Michael Appel said it was largely an issue of location. Near North is closer to downtown, opening onto Main Street. It didn’t seem ideal for larger family-sized units. In contrast, 1500 Pauline is in a neighborhood setting, on a less-busy street, next to a park. They also were working with the city/county office of community development, and OCD staff felt that more two- and three-bedroom units were needed. One reason why there are fewer overall units is that they felt the higher density in the past led to some of the problems at the complex, he said.
Woods asked what kind of problems they’ve experienced. Appel explained that in the two years they’ve been managing the complex, the issues of stability, safety and turnover related to higher density. If you compare on a bedroom-per-acre basis, 1500 Pauline has higher density than Carrot Way or many other public housing units.
They’re trying to preserve low-income housing on that site, he said, and were given the option of redeveloping it or losing it – without reinvestment, it would go bankrupt. That drove the decision to redevelop, and they then tried to determine the appropriate mix of units, he said.
Carole McCabe, Avalon’s executive director, stepped up to the podium to address Woods’ question. There’s no one more committed than Avalon to expanding affordable housing in this community, she said. But the issues of density are real, and they struggle with them. They have a full wait-list for both single residents and families, McCabe said, but they had limited options at this location.
Jean Carlberg said that one troubling aspect is the relocation of residents in one-bedroom apartments – only six of the 21 tenants will be able to move back in, she noted. She asked for more details on the relocation effort, and whether for some tenants, their relocation would be into permanent housing.
Because the project is federally funded, they are bound by the Uniform Relocation Act, Appel said. They have to work with tenants to find new housing, pay for their moving expenses, and provide a subsidy for the new housing for up to five years. [These costs are built in to the project's estimated $8 million budget.] The office of community development is helping with that process, he said. They anticipate that many of the current tenants will apply to return when the 1500 Pauline is rebuilt, about 18 months from now.
McCabe added that they have a team offering support services, and they’ll be very involved in the relocation process. Within the affordable housing stock that Avalon oversees, they have more one-bedroom units than two- or three-bedroom units, she said.
Evan Pratt clarified with planning staff that the current complex is non-conforming to zoning on that site – that is, it has more units now than the existing zoning allows. In contrast, the number of proposed units does conform to zoning there. [The site is zoned R4B, for multi-family dwellings.] He also pointed out that the Near North project was a planned unit development (PUD), which allows for greater density.
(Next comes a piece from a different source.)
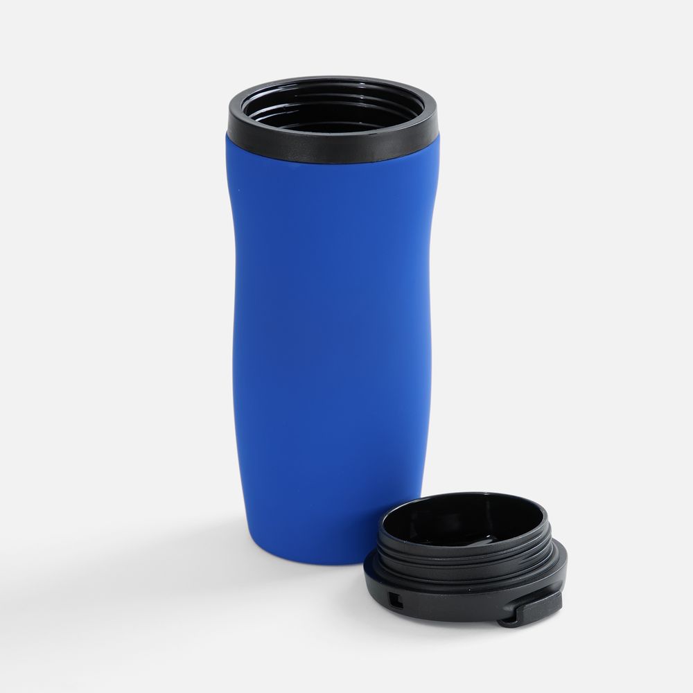 Двухслойная конструкция из нержавеющей стали снаружи и пищевого пластика внутри. Герметичная завинчивающаяся крышка с откидным клапаном для питья. Покрытие софт-тач. В отверстие в крышке можно вставить шнурок для удобного ношения стакана на руке. Шнурок в комплект не входит.

Kirk Westphal said he hoped everyone would agree that the site should be redeveloped, rather than lose available funding – that perspective caps his comments a bit, he said. In general, given the context of the site and the city’s master plan, the commission would be amenable to PUDs, especially for affordable housing projects.
Westphal took issue with the link between density and safety problems, noting that in many cities there are neighborhoods with higher density that are quite safe. His understanding was that for this site, the issue was more related to a staff-resident ratio.
He said he liked the new design – the old building layout was outmoded. He clarified that the proposed playground is technically a public one, then questioned how the public would know that, given that there’s no sidewalk planned from Pauline to the playground. Would there be signs?
Chris Cheng of the city’s planning staff said they expected the playground to be used mostly by residents, and that they hadn’t discussed signs or a sidewalk. Erica Briggs concurred with Westphal that it would be more inviting to the general public if a sidewalk were installed from Pauline. Carlberg observed that people would end up creating a path themselves, so Avalon might as well put one in where they wanted it.
Briggs also asked about the neighboring park, noting that in the summary of comments from the community/resident meetings that Avalon held, some people had noted that they didn’t find it safe, and that there are flooding problems there. Cheng said they’ve talked with parks staff about improving the paths in Fritz Park, but it’s not connected with the site plan.
Briggs then asked Avalon to clarify the difference between affordable housing and supportive housing. Wendy Carty-Saxon explained that 35% of the units in the new project would be set aside for supportive housing, with Avalon providing services to tenants, depending on their needs. Often they end up reaching out to other tenants as well, she said. When Briggs began to pursue that line of questioning, Eric Mahler – the planning commission chair – cut her off, noting that they needed to focus their deliberations on issues related to the site plan.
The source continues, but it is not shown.